I made a post about Labor Day on Facebook today. It said, word for word, “Happy Labor Day. Let us honor all those who risked their lives and livelihoods in order to make the workplace safer. May we remember all who died in hazardous working conditions. May we remember that this country was built by the working class.”

And a friend of mine said something like, “Too bad most working class people don’t get the day off and that only salaried people reap the benefits.”

A certain former Doper, whom I love and respect and is generally quite rational, reacted like we’d just posted a fucking communist manifesto. Somehow thinking that working class people deserved a holiday off that was designed to honor the working class was invalidated how hard she worked to get high enough on the food chain to get labor day off. And then she linked to a clearly very heavily biased article about the evils of labor unions that I couldn’t even get through because the rhetoric was so bad. And my greatest fear is now that my best friend’s Dad, who is the head of a labor union and not nice about it at all, is going to come across her post and the internet is going to explode.

Take a chill pill, people. It should not ever be politically divisive to honor laborers on Labor Day. Jesus Christ.

Rent her a wheelchair and have her audit your course.

That’s brilliant. I had a student that was going to drop out because her child care suddenly dropped through… so we took a vote, and had a four-year-old in class for a couple of weeks. A well-behaved one*, but I’m hoping your mom could be at least that unobtrusive.
*Dylan even made up mini-assignments for the class when asked to.

Sometimes I stay out late and take the night bus home. When I’m taking the bus home at 1 or 2 AM, I’m usually tired, and I just want to sit back and relax. I can’t do that very well when some idiot fellow passenger is yammering away on their cellphone. I totally don’t understand WHY people NEED to have such long conversations with anyone at 1:30 fucking AM! Unless it’s an emergency, or you’re having a very short conversation with someone who’s going to pick you up from the bus, or if you’re talking to someone in another time zone and it’s the only time you can reach them, I really don’t see a need to yack away in the wee hours like that.

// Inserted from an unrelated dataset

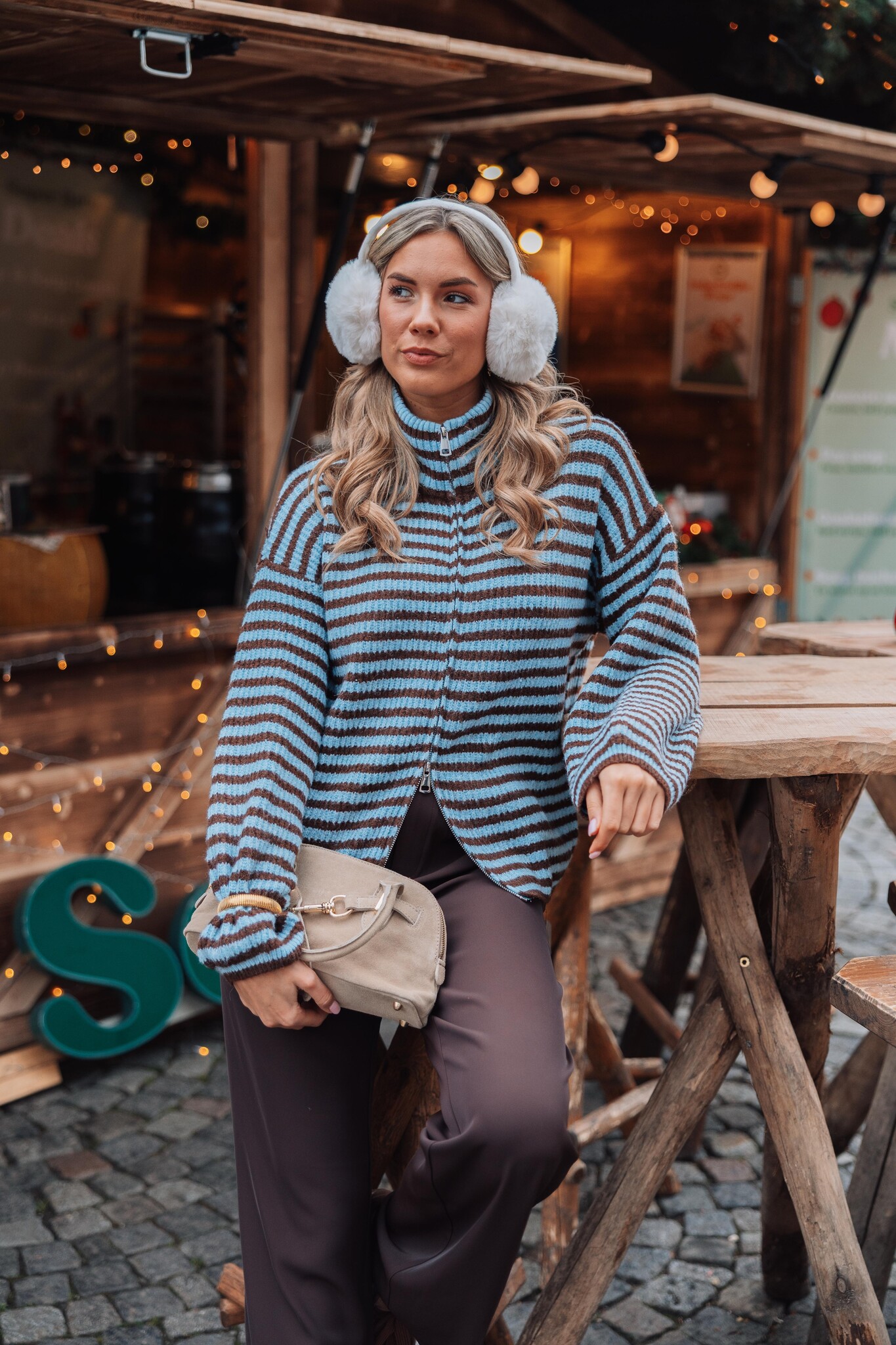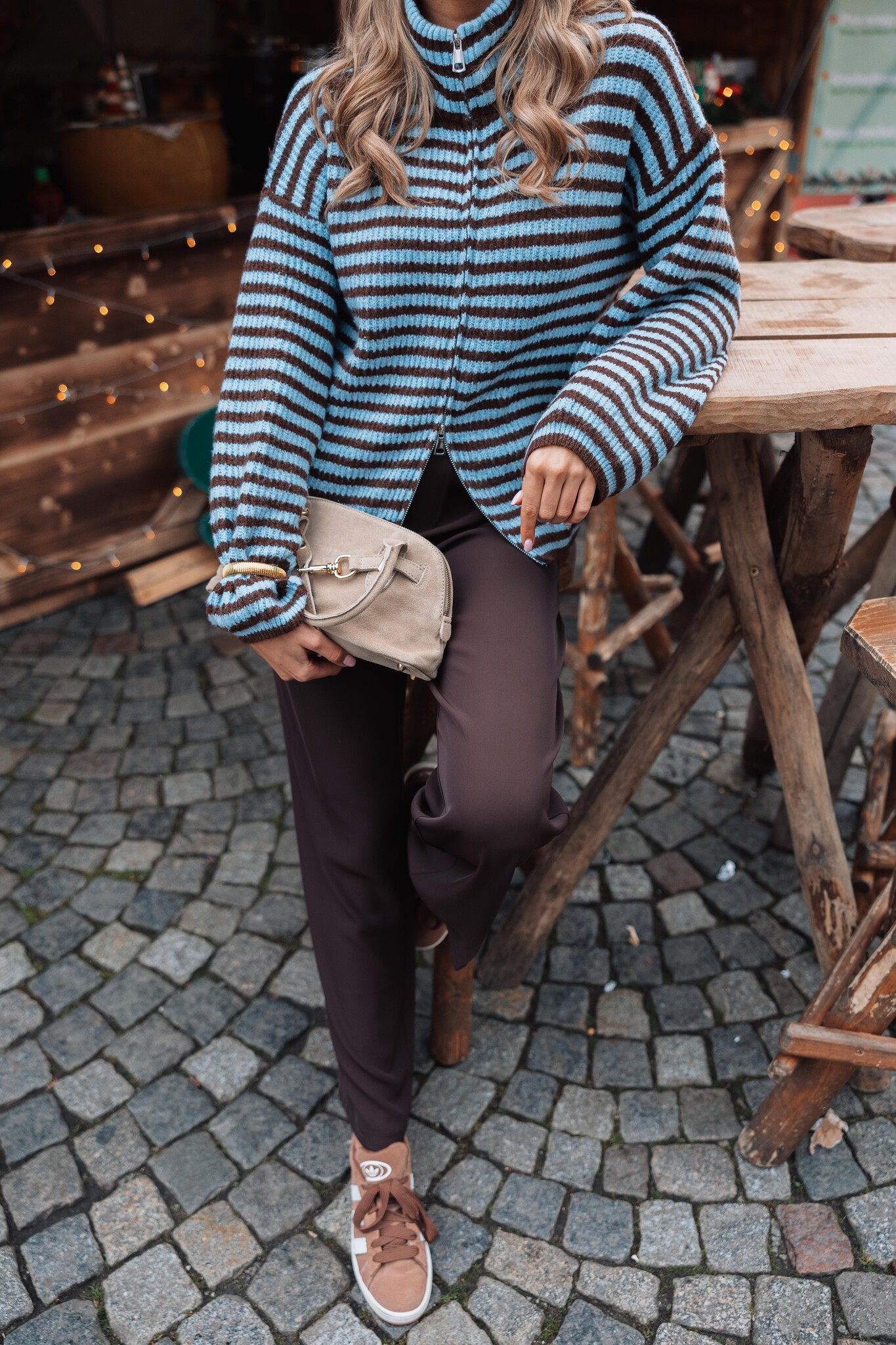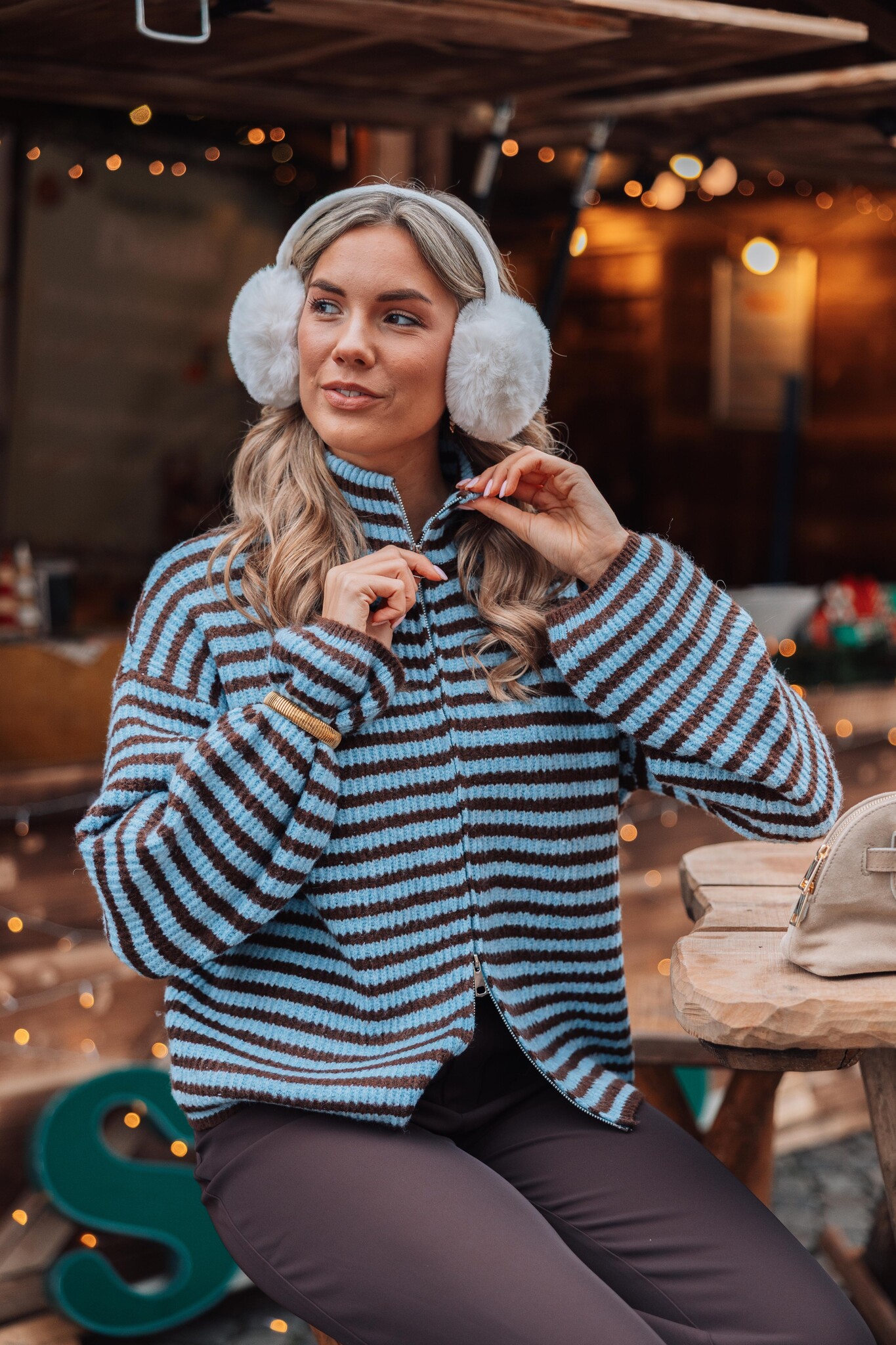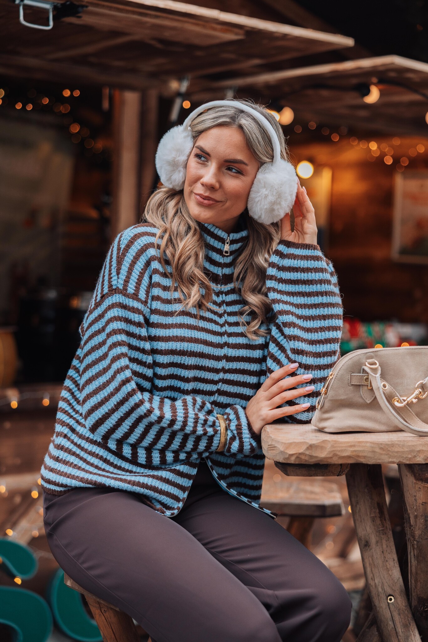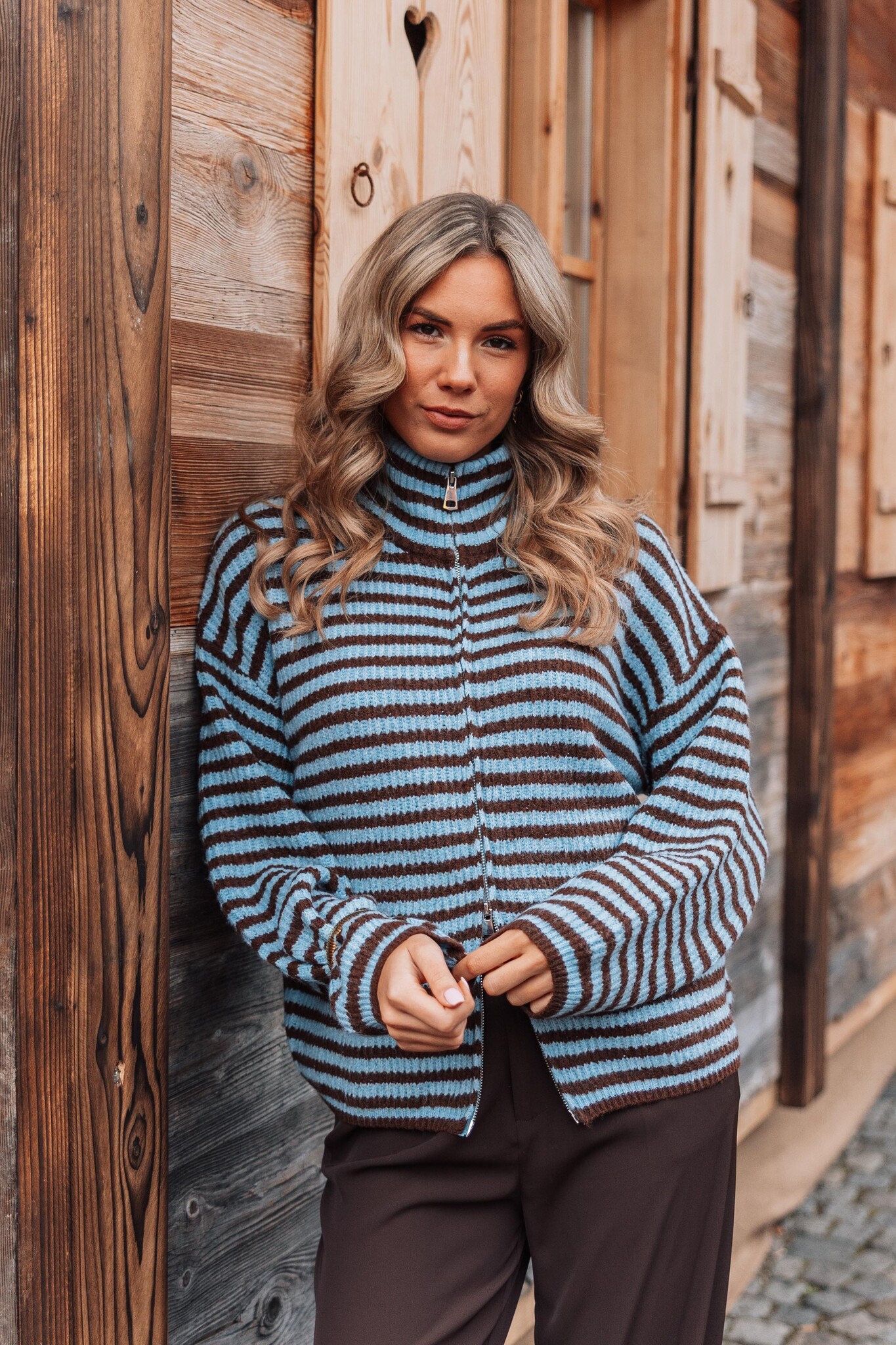 Dit blauwe vest met bruine strepen heeft een rits in het midden, wijde mouwen en een hoge kraag. Een trendy item dat je outfit meteen een comfy & stijlvolle uitstraling geeft!

Speaking of people killed on the job, we lose about a thousand construction type workers for every single policeman or fireman. Why do we make such a huge deal about killed firemen and policemen, but take dead construction workers as the cost of doing business? (Not to take away from the seriousness of every policeman or fireman killed, of course.)

Youngest seems determined to set a world record for most fuss in a single day.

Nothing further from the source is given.